Restrict Possible Usernames Explanation of \D

Tell us what’s happening:
I got this challenges right after putting \D/ig and D only matches non-numbers character but on the question it says.“The only numbers in the username have to be at the end. There can be zero or more of them at the end.” meaning i could also find for numbers on my code.
Can someone explain to me how the \D character summarises them all?

Your code so far


let username = "JackOfAllTrades";
let userCheck = /\D/ig; // Change this line
let result = userCheck.test(username);

Your browser information:

User Agent is: Mozilla/5.0 (Windows NT 10.0; Win64; x64) AppleWebKit/537.36 (KHTML, like Gecko) Chrome/72.0.3626.109 Safari/537.36.

Link to the challenge:
https://learn.freecodecamp.org/javascript-algorithms-and-data-structures/regular-expressions/restrict-possible-usernames

It’s best to describe the regex you want in English first, then write it in regex syntax.
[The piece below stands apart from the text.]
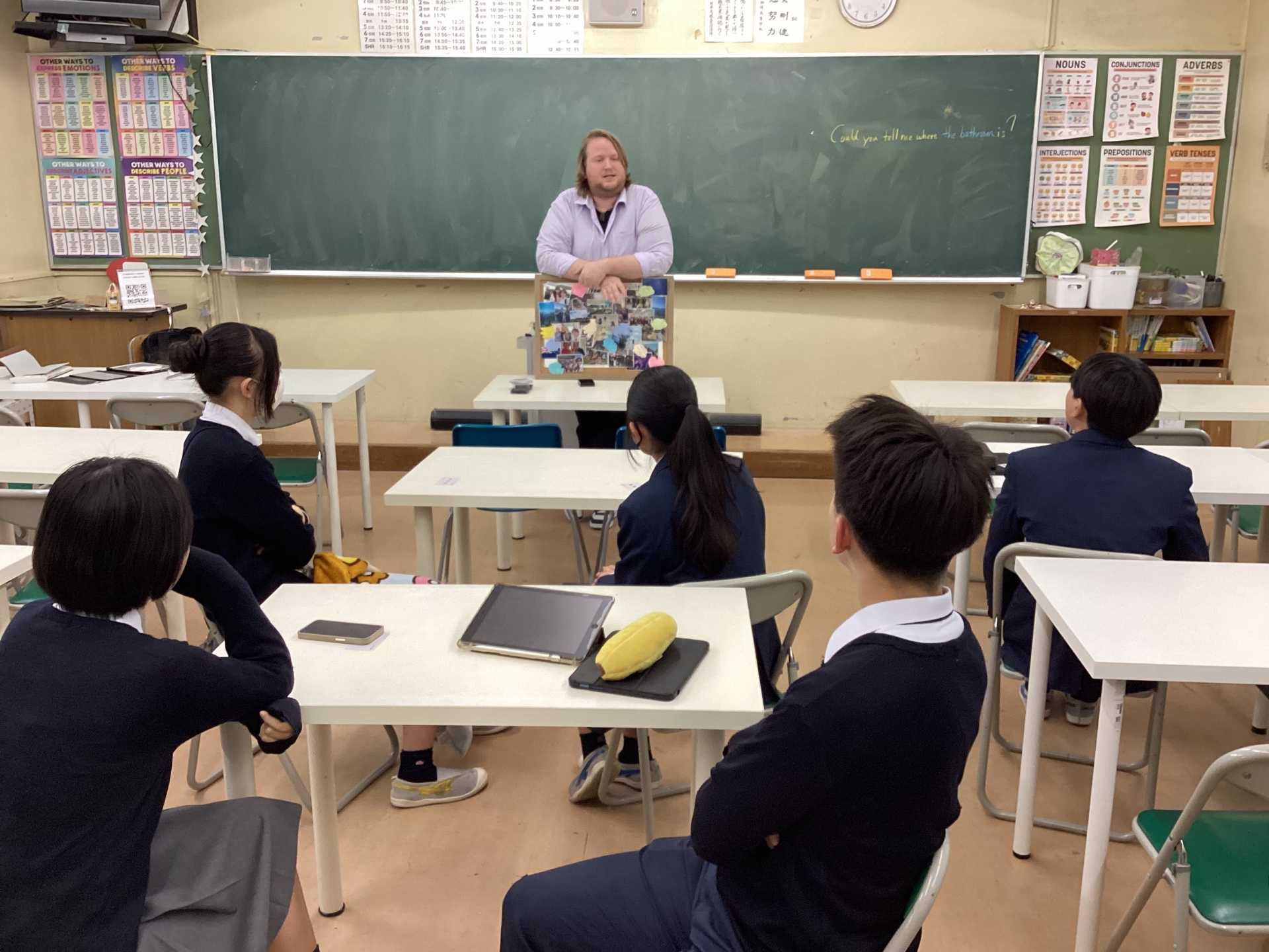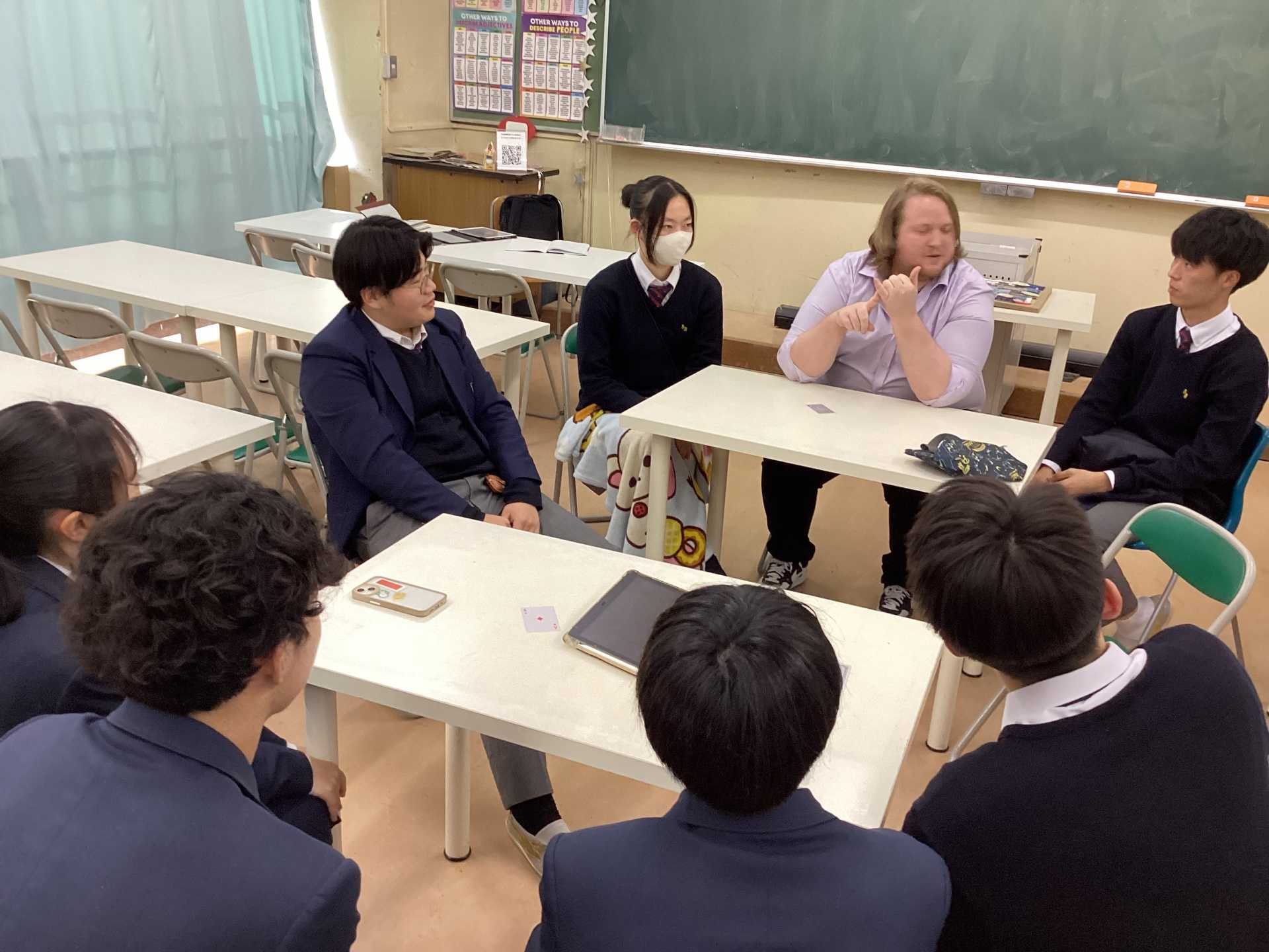 本日は本校のネイティブ教員のコナー先生の指導で英会話のレッスンを行いました。2年前に留学した高校2年生の4人も協力してくれ、ペアになって英会話練習をしたり、留学に向けた心配事や疑問の相談に乗ってくれました。経験者ならではの話を聞かせてくれ、生徒たちはとても真剣な表情で耳を傾けていました。
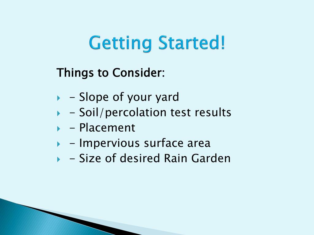 Getting Started! Things to Consider: - Slope of your yard - Soil/percolation test results - Placement - Impervious surface area - Size of desired Rain Garden

Eventually you’ll skip right to “thinking in regexes”, but the extra step is very useful for starting out. The trick is to translate the three rules into a single statement on what the regex should be. I’ll just give you the English version for this particular one:

“A username starts with two or more letters, followed by zero or more digits at the end. A username is not case-sensitive.”

The “starts with” and “at the end” should clue you in that you need the ^ and $ tokens in your regex. You already know from the previous lessons how to say “two or more” and “zero or more” at this point, so all that’s left is to fill in the syntax for “letter” and “digit” and assemble it all into one regex.

Hopefully that’s enough hints to get you the rest of the way. Try writing the regex and give a shout if you’re still stuck.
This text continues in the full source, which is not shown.